The pictures are to be omitted when the entries are reproduced exactly.

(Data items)
====
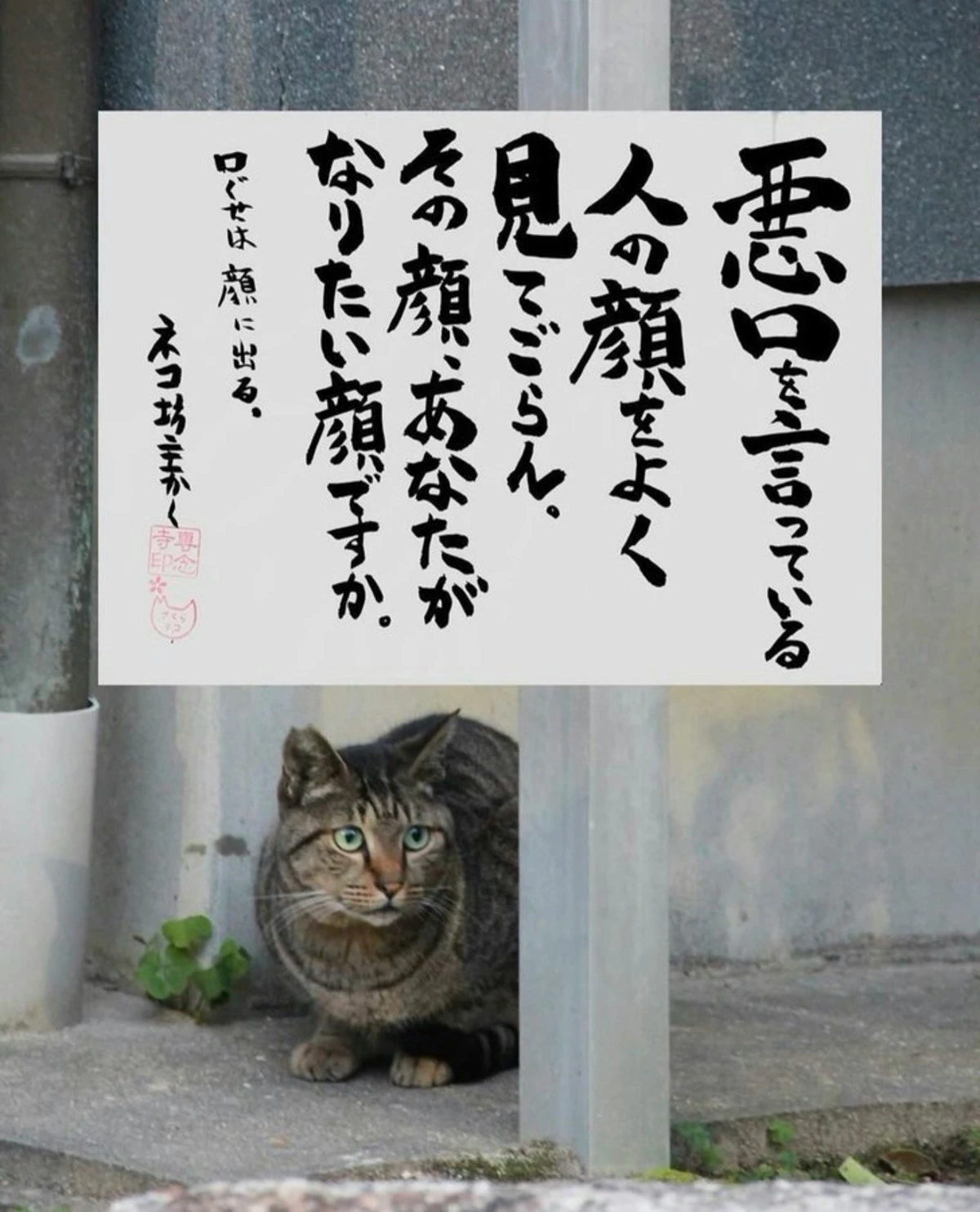 しかし、愚痴や不満ばかりになってしまっているときに思い出してほしい【ネコさんから人間さんへ今日のひと言】を、専念寺/ネコ坊主(@yabumoto610)さんが投稿。人々が自身を振り返るきっかけとなりました。
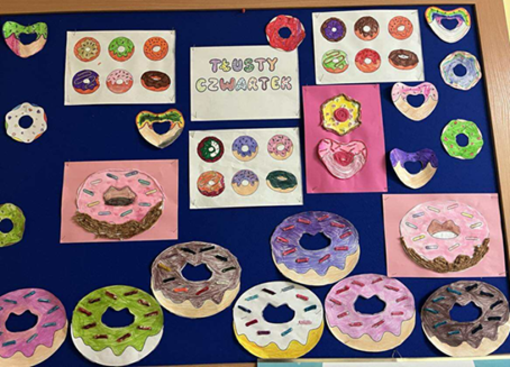 Szczególnie wyczekiwanym dniem był Tłusty Czwartek. Uczniowie poznali tradycje związane z tym słodkim świętem oraz dowiedzieli się, skąd wzięła się tradycja jedzenia pączków. W ramach zajęć plastycznych dzieci wykonały kolorowe pączki z wykorzystaniem włóczki i farb, wykazując się ogromną pomysłowością i starannością. Nie zabrakło również prawdziwej degustacji – wspólnie zajadaliśmy się pysznymi pączkami i innymi słodkościami, celebrując ten dzień w radosnej atmosferze.
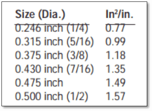 La surface des éléments tubulaires de taille standard est indiquée dans la figure ci-dessous:
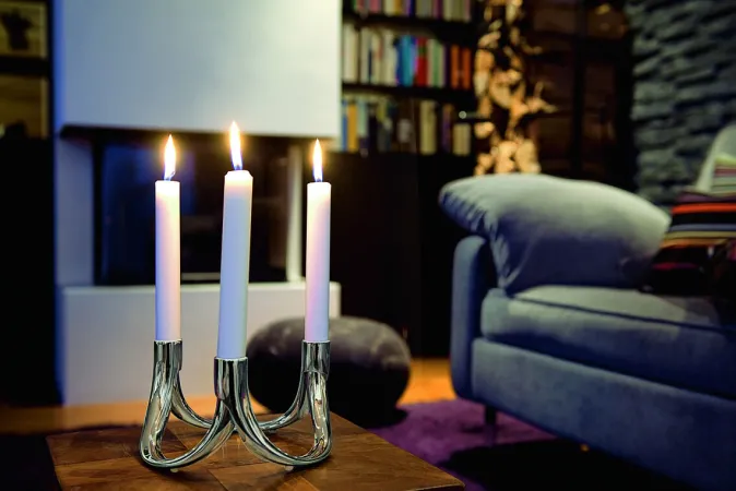 Diese dynamischen Kerzenhalter mit ihrer eleganten Form sind eine Bereicherung für jede Standoberfläche. Als grazile Deko auf dem Wohnzimmertisch sorgen sie in Kombination mit Kerzenschein für ein gemütliches Ambiente und tragen zur absoluten Wohlfühlstimmung bei. Durch das anpassungsfähige magnetische Anordnungssystem können mehrere Elemente zusammengefügt und so zu einem größeren Kerzenhalter kombiniert werden, welcher auch einen Esstisch großflächiger stimmig beleuchten kann.
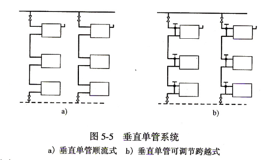 分為垂直單管順流式和垂直單管跨越式兩種。如圖:
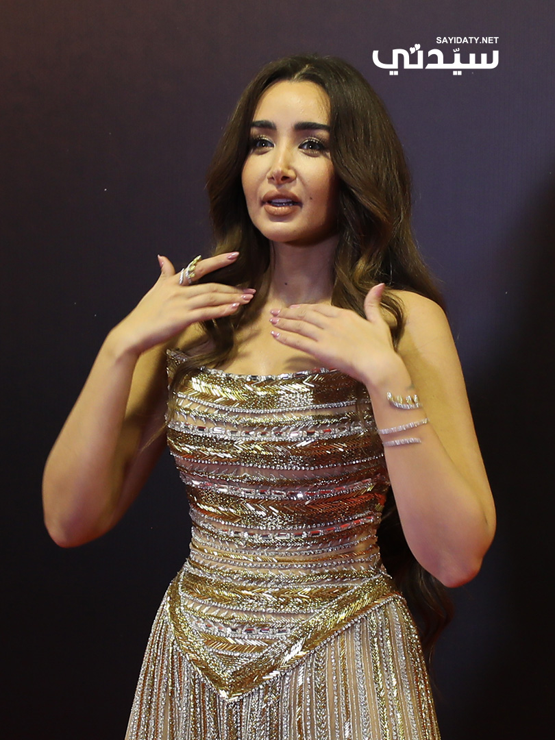 هنا الزاهد بمكياج ذهبي وتسريحة الشعر المموج المنسدل
====
# WRITTEN ANSWER:
 しかし、愚痴や不満ばかりになってしまっているときに思い出してほしい【ネコさんから人間さんへ今日のひと言】を、専念寺/ネコ坊主(@yabumoto610)さんが投稿。人々が自身を振り返るきっかけとなりました。
 Szczególnie wyczekiwanym dniem był Tłusty Czwartek. Uczniowie poznali tradycje związane z tym słodkim świętem oraz dowiedzieli się, skąd wzięła się tradycja jedzenia pączków. W ramach zajęć plastycznych dzieci wykonały kolorowe pączki z wykorzystaniem włóczki i farb, wykazując się ogromną pomysłowością i starannością. Nie zabrakło również prawdziwej degustacji – wspólnie zajadaliśmy się pysznymi pączkami i innymi słodkościami, celebrując ten dzień w radosnej atmosferze.
 La surface des éléments tubulaires de taille standard est indiquée dans la figure ci-dessous:
 Diese dynamischen Kerzenhalter mit ihrer eleganten Form sind eine Bereicherung für jede Standoberfläche. Als grazile Deko auf dem Wohnzimmertisch sorgen sie in Kombination mit Kerzenschein für ein gemütliches Ambiente und tragen zur absoluten Wohlfühlstimmung bei. Durch das anpassungsfähige magnetische Anordnungssystem können mehrere Elemente zusammengefügt und so zu einem größeren Kerzenhalter kombiniert werden, welcher auch einen Esstisch großflächiger stimmig beleuchten kann.
 分為垂直單管順流式和垂直單管跨越式兩種。如圖:
 هنا الزاهد بمكياج ذهبي وتسريحة الشعر المموج المنسدل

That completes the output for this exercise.